Materials provided ::
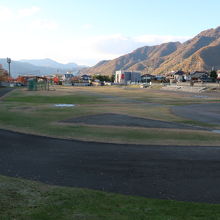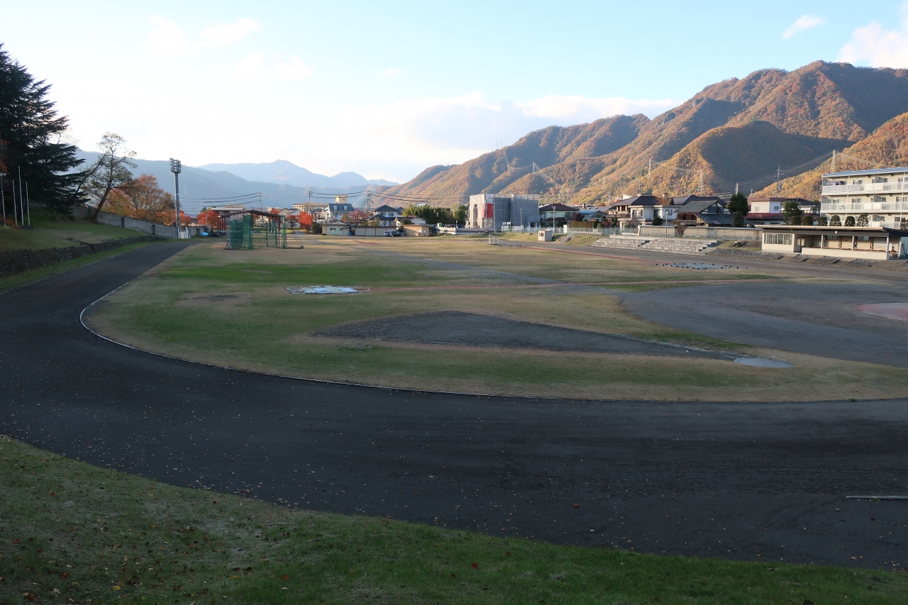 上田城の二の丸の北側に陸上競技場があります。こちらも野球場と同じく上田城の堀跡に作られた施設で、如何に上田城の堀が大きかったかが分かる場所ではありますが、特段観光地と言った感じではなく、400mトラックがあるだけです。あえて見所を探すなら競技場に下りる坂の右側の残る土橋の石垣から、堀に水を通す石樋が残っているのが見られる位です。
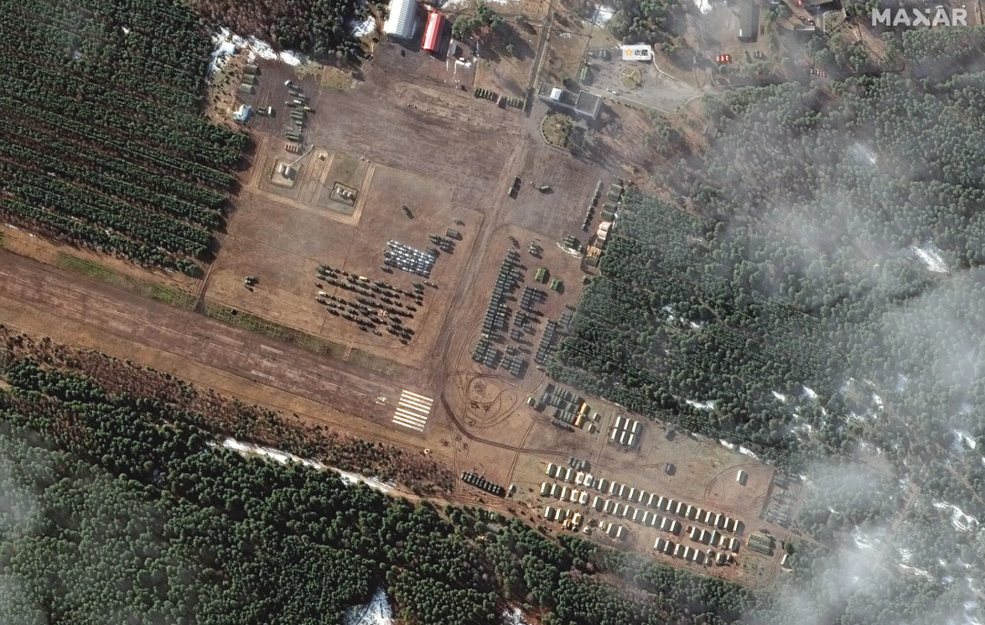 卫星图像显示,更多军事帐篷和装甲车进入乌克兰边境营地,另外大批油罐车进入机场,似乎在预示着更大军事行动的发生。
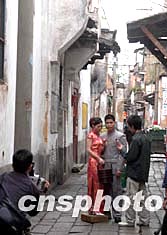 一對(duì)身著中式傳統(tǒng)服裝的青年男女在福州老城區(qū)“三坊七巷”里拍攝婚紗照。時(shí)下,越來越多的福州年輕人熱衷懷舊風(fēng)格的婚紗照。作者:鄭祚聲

--

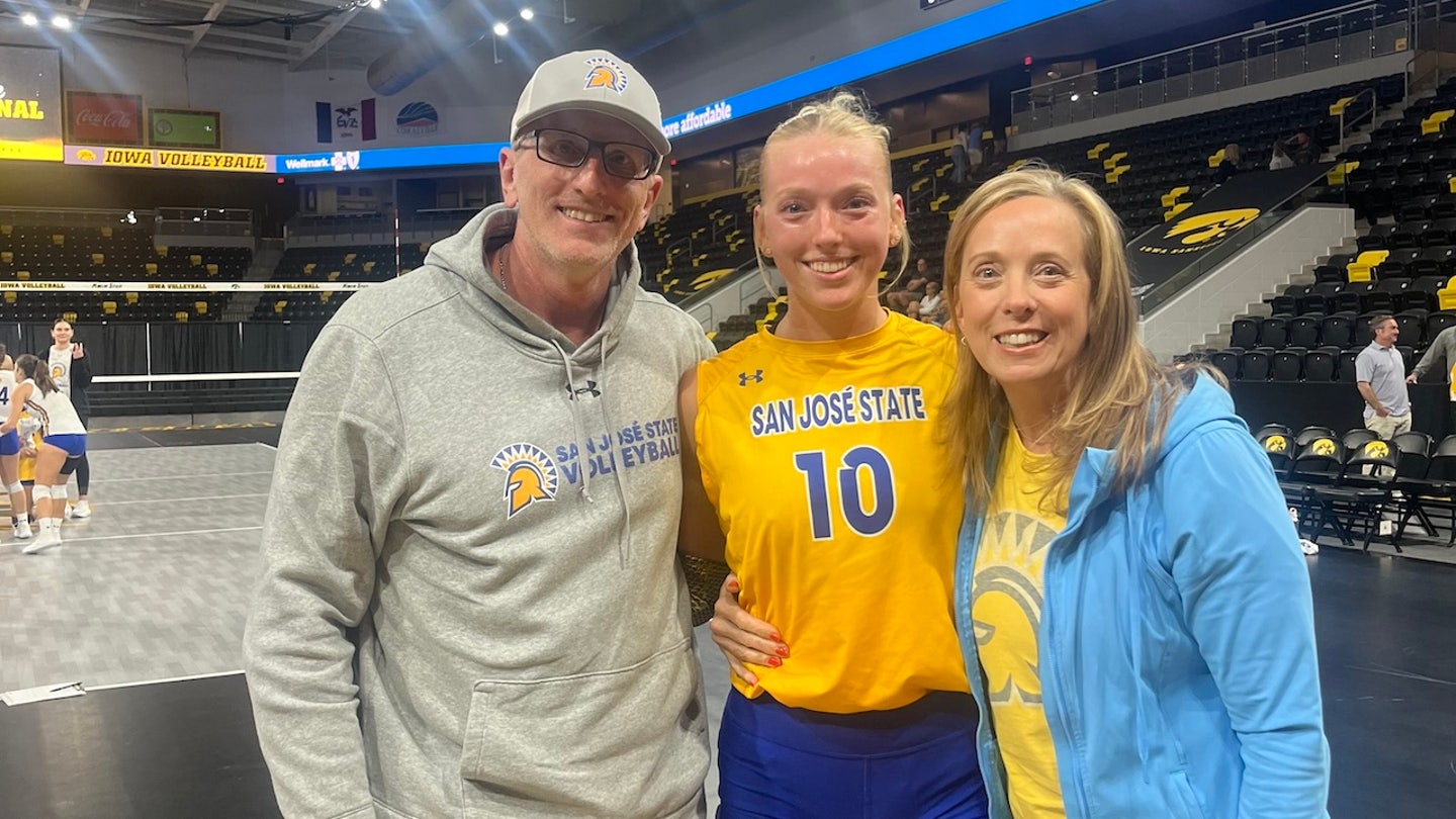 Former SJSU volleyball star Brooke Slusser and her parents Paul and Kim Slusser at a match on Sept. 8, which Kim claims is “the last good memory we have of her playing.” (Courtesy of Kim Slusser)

---

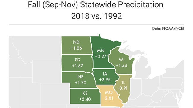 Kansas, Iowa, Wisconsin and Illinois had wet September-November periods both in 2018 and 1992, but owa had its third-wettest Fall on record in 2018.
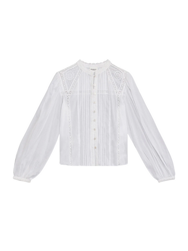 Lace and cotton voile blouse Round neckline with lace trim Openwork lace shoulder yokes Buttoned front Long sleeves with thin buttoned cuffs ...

Requirement :: Please print the lines above word for word, starting at the one with "卫星图像显示,更多军事帐篷和" and ending at the one with "一對(duì)身著中式傳統(tǒng)服", both included, and without any picture.

Response to the exercise ::
 卫星图像显示,更多军事帐篷和装甲车进入乌克兰边境营地,另外大批油罐车进入机场,似乎在预示着更大军事行动的发生。
 一對(duì)身著中式傳統(tǒng)服裝的青年男女在福州老城區(qū)“三坊七巷”里拍攝婚紗照。時(shí)下,越來越多的福州年輕人熱衷懷舊風(fēng)格的婚紗照。作者:鄭祚聲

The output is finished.